I guess I shouldn’t be surprised that legendary automotive scribe Jeff Smith was involved in coining the term. Never the less, it was it was a bit of a thrill to see Jeff’s name on Wikipedia. Not only did I grow up reading Jeff’s stories in Hot Rod and Car Craft, but I’m honored to call Jeff a colleague. For those who didn’t know, Jeff is still active in the Pro Touring scene as a long-time consultant to the Street Machine Nationals – helping to organize the multiple autocross courses and the stop box – dating back to his time at Car Craft.

The other usual suspect mentioned in the Wikipedia article should be familiar to any fans of Pro Touring. Even if you are not familiar with the car that started the craze, Mark Stielow went on to build many unbelievable first-gen Camaros while also playing a pivotal role in his day job to build the fastest factory Camaro to date.

After reading this article, I decided to email Jeff to see if he could shed some light on the etymology of “Pro Touring.” It’s rare that you have such accessibility to the person that created a term like this and thankfully he was able to go into full detail on how the term was coined:

Mark and I were together during a portion of Hot Rod’s Power Tour. I had just recently left Hot Rod and taken over as editor of Chevy High Performance in 1998. Mark and I were discussing the idea of his style of car that combined high performance with the concept that the car could be driven anywhere over long distances – doing exactly what he was doing with his Camaro. I was already a true believer, having done handling stories when I was tech editor at Car Craft in the early 1980s.

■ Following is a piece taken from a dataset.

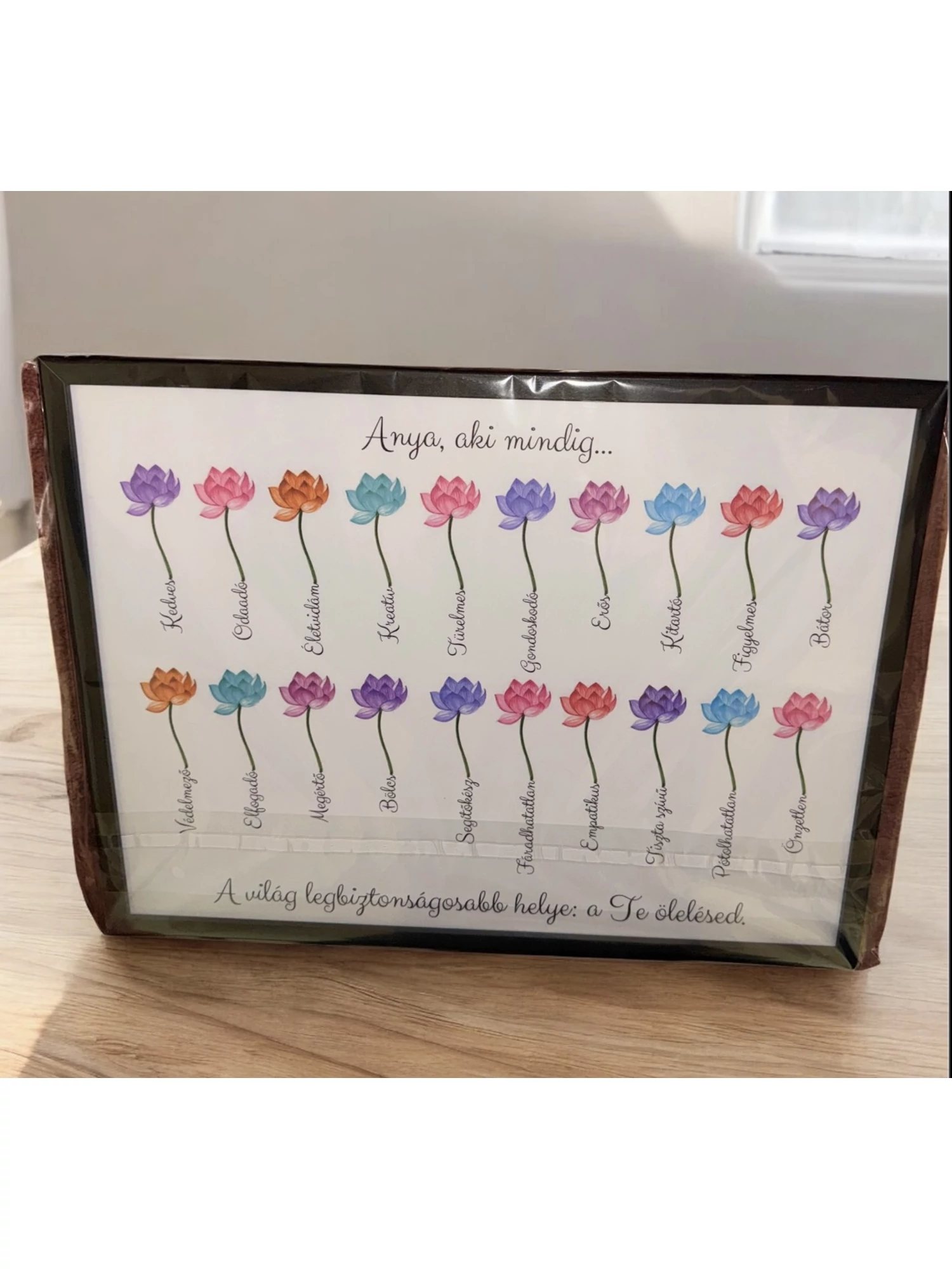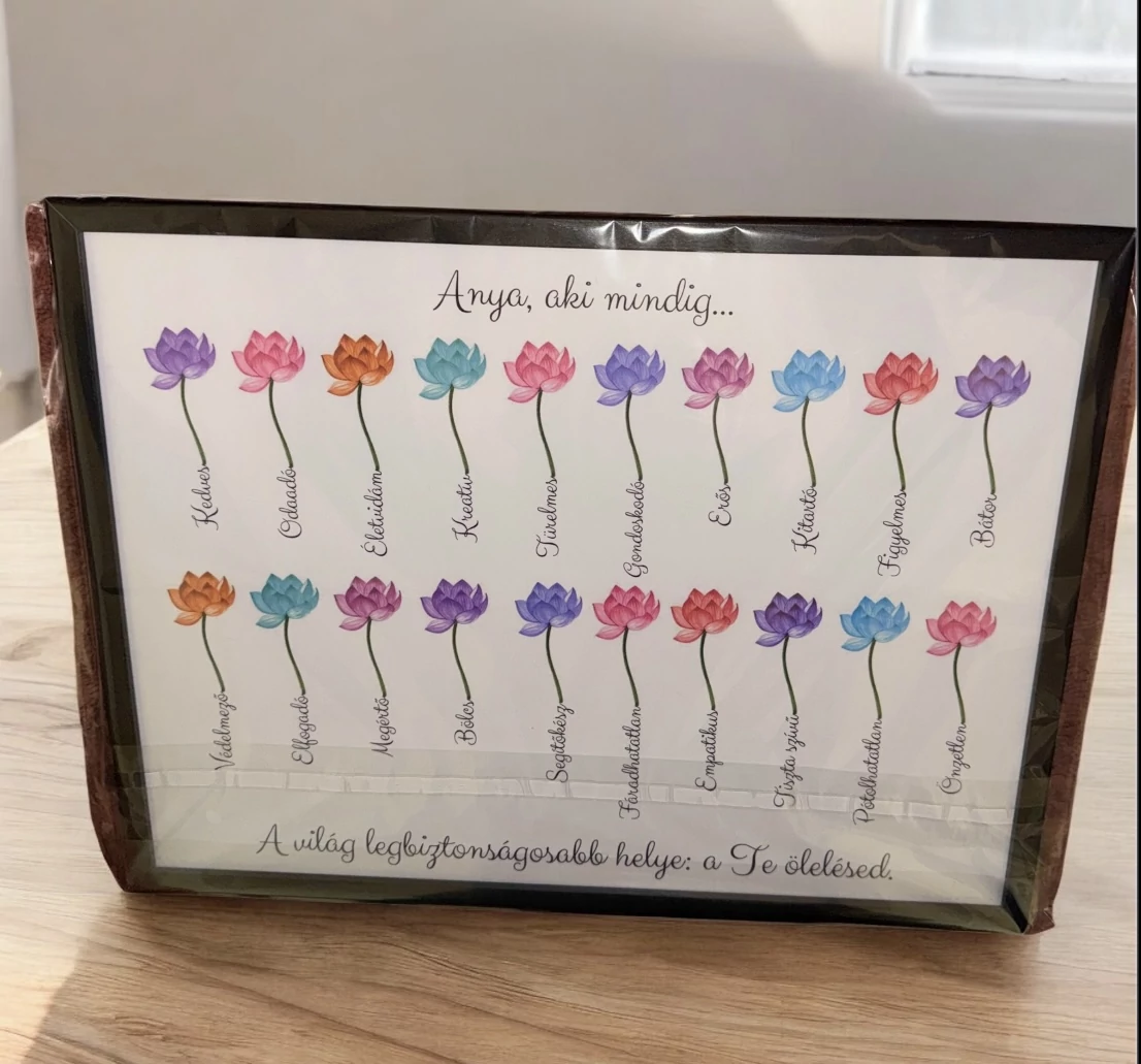 A felső megszólítás, a tulajdonságok és az alsó idézet igény szerint személyre szabható, így igazán egyedi ajándék készülhet.

I totally agreed with him, but in order for this movement to gather any momentum it needed a term – like “Pro Street.”  That way when the term was mentioned the people in the discussion would instantly know what you were talking about. I mentioned [it], but we didn’t spend very much time on it and then we went on to other topics.

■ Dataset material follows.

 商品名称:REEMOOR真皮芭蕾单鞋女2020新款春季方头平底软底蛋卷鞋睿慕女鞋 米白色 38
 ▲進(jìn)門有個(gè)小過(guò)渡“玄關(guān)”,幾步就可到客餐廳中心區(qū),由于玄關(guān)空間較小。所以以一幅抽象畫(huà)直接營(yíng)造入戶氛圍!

A week or so later, Mark called me at our office on Wilshire Blvd. and when I answered the phone he said, “Jeff, it’s Mark. I have the term – the name.”

I responded, “What are we talking about? What name?” I had, by this time, moved on to the demands of getting my next issue of Chevy High Performance magazine out the door, having recently lost both of my current staff members. 

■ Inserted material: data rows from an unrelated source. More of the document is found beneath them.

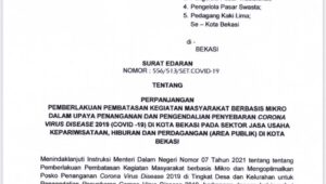 PILAR BEKASI.COM (BEKASI SELATAN) – Komite Kebijakan Penanganan Corona Virus Disease (Covid-19) dan Transformasi Pemulihan Ekonomi Kota Bekasi mengeluarkan surat edaran nomor: 556/513/SET.Covid-19 tentang Pemberlakuan Pembatasan Kegiatan Masyarakat Berbasis Mikro Dalam Upaya Penanganan dan Pengendalian Penyebaran Corona Virus Disease 2019 (Covid-19) di Kota Bekasi pada Sektor Jasa Usaha Kepariwisataan, Hiburan dan Perdagangan (Area Publik) di Kota Bekasi.
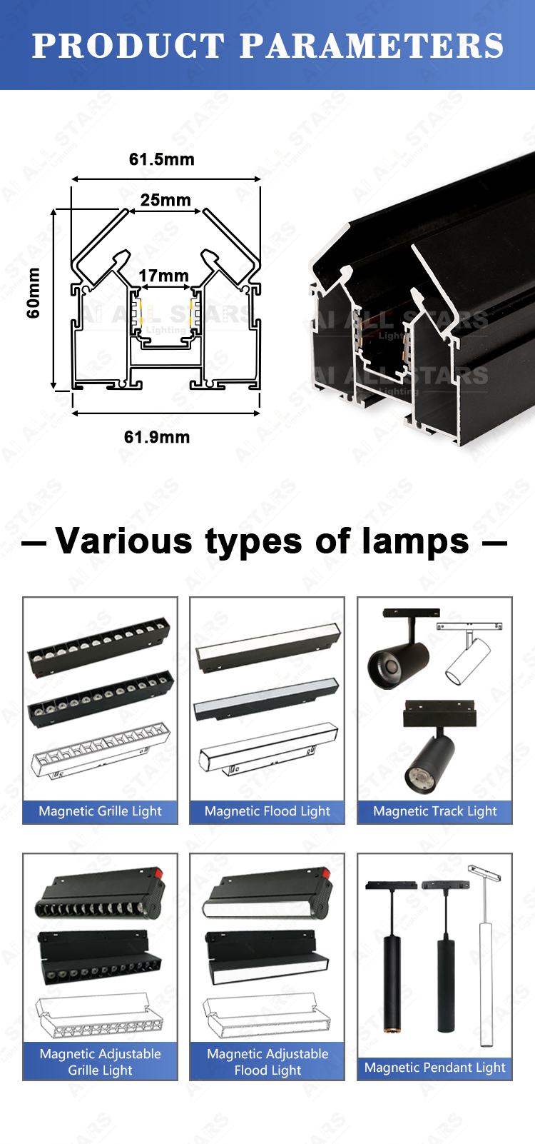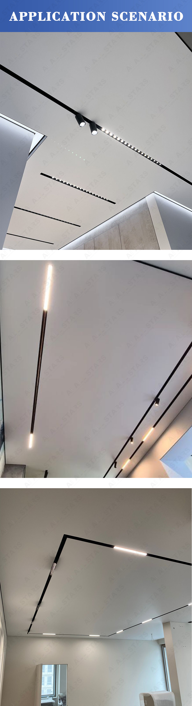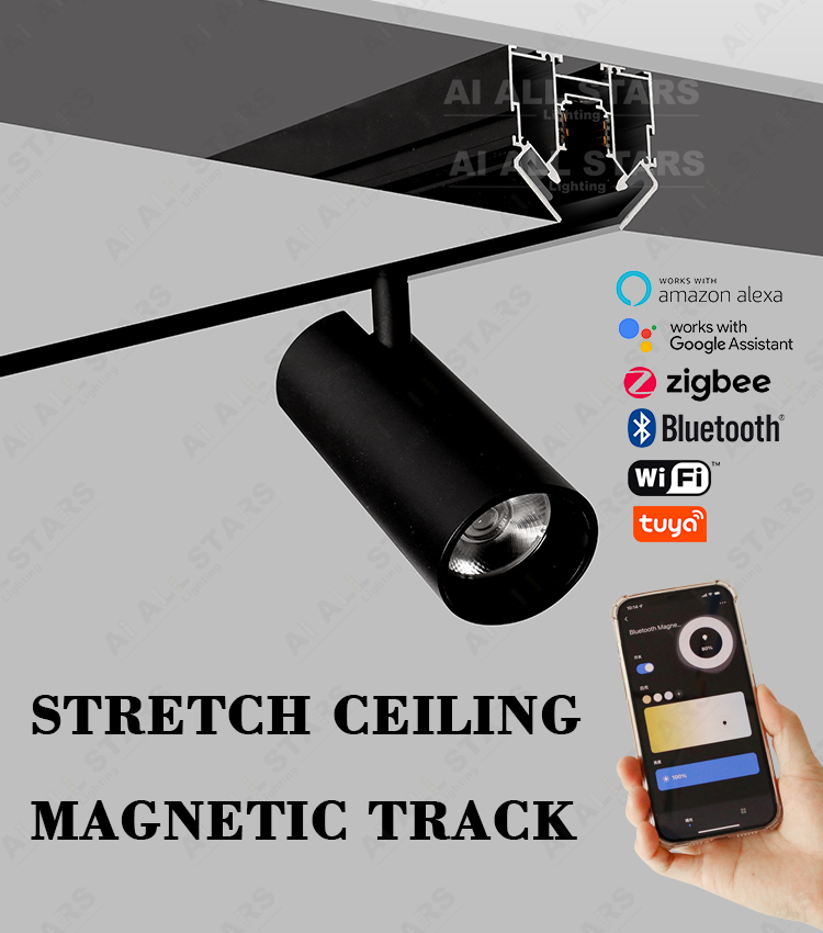 This product is a Stretch Ceiling Magnetic Track. It can be installed on the ceiling and used together with magnetic lamps. It can be compatible with various decoration styles and meet the diversified design requirements of customers.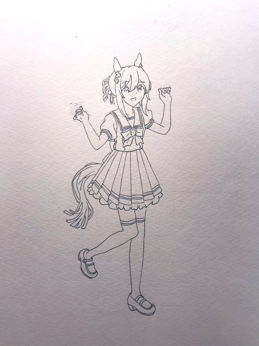 ファインモーションのペン入れ✍️ 所々ミスしてるし制服のライン細すぎんよ...😭 でもある程度形になって嬉しい! 近いうちに塗りもやってみようかな🤔 #アナログイラスト #絵描きさんと繋がりたい #イラスト好きな人と繋がりたい #模写 #ウマ娘 #ファインモーション #イラスト練習中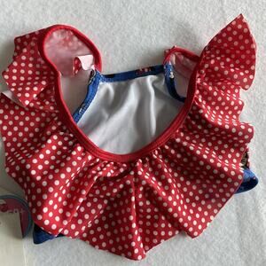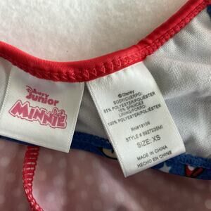 Bring Disney magic to swim time with this adorable Minnie Mouse swim top from Disney Junior, size XS. Featuring an allover Minnie print on a vibrant royal blue background and ruffle cap sleeves with red and white polka dot bows, this top is perfect for fun-filled beach days and poolside play.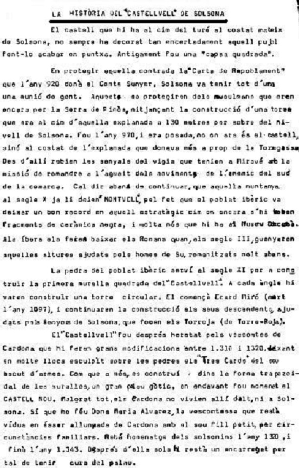 J'ai transcrit divers travaux de recherche culturelle de la région du Solsonés dans mes jeunes années.

“Pro Touring – that’s the term. It combines professional car building with more like European road touring cars. It’s perfect – Pro Touring…” He went on to more fully describe it, but I was already planning my next magazine cover with that as my major tag line.

Mark was right. It was perfect. I proposed a cover theme for the April issue and got nothing but kickback from management that this wasn’t going to work. In the past it never worked for us to “invent” a new movement. But what Mark and I knew, and management did not, was that this was already off and running. That Pro Touring issue mentioned Mark’s Camaro plus a Camaro that Kyle and Stacy Tucker, another pair of GM engineers and Mark’s friends, were building. They eventually started Detroit Speed and we know how well that worked.  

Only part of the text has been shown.